Hi!
I'm trying to setup a basic sparse-set based ECS for game development.
I tried the following approach:
GDOCTestWorld :: struct {
position_components : ecs.ComponentContainer(PositionComponent, MAX_ENTITIES),
velocity_components : ecs.ComponentContainer(VelocityComponent, MAX_ENTITIES),
drawable_components : ecs.ComponentContainer(DrawableComponent, MAX_ENTITIES),
collision_components : ecs.ComponentContainer(CollisionComponent, MAX_ENTITIES),
using base : ecs.World
}
main :: proc() {
world := GDOCTestWorld {}
[...]
}
So, ComponentContainer is a sparse-set and I create and insert the containers manually in a sructure with subtype of ecs.World.

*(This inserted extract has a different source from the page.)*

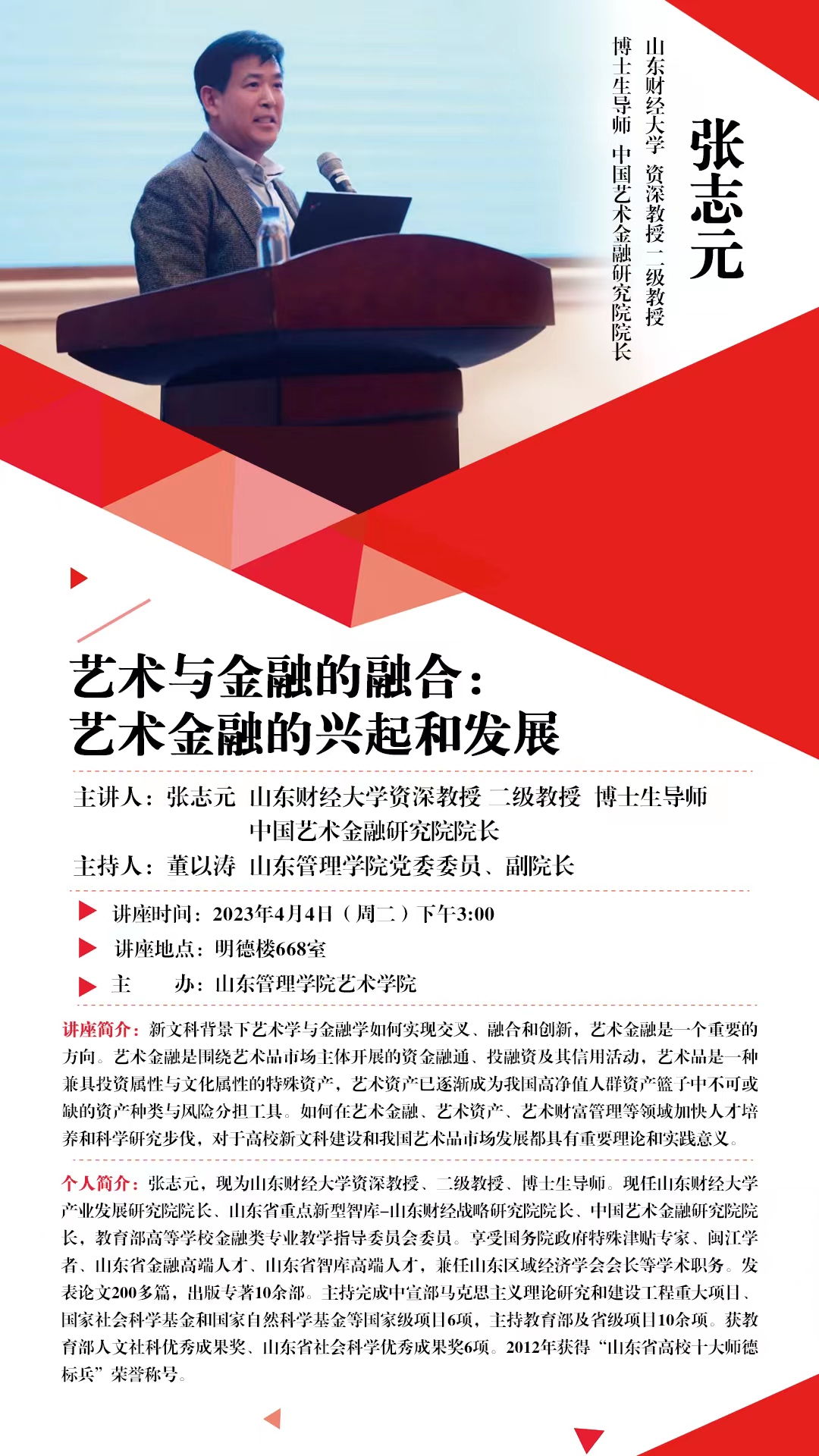 上一条:山东管理学院举办“艺术与金融的融合:艺术金融的兴起和发展"学术讲座 下一条:艺术学院党总支理论学习中心组(扩大)会议

When I run the project, I'm given the following warning: Warning: Declaration of 'world' may cause a stack overflow due to its type 'GDOCTestWorld' having a size of 400096 bytes
Searching here, on discord, I learned that structs area allocated to the stack, so I can see a reason for the warning, so I tried to change my struct, now by using the following approach:
GDOCTestWorld :: struct {
position_components : ^ecs.ComponentContainer(PositionComponent, MAX_ENTITIES),
[...]
}
main :: proc() {
world := GDOCTestWorld {
position_components = new(ecs.ComponentContainer(PositionComponent, MAX_ENTITIES)),
[...]
}
[...]
}
And now it still works, but without the warning.
But, shouldn't pointers be always pointing to something? I didn't create the "something" anywhere... Where are the concrete values the pointer are pointing to?
Am I missing something? Is there a better approach than mine?
I'm not familiar with manually memory management languages, I'm still figuring things out.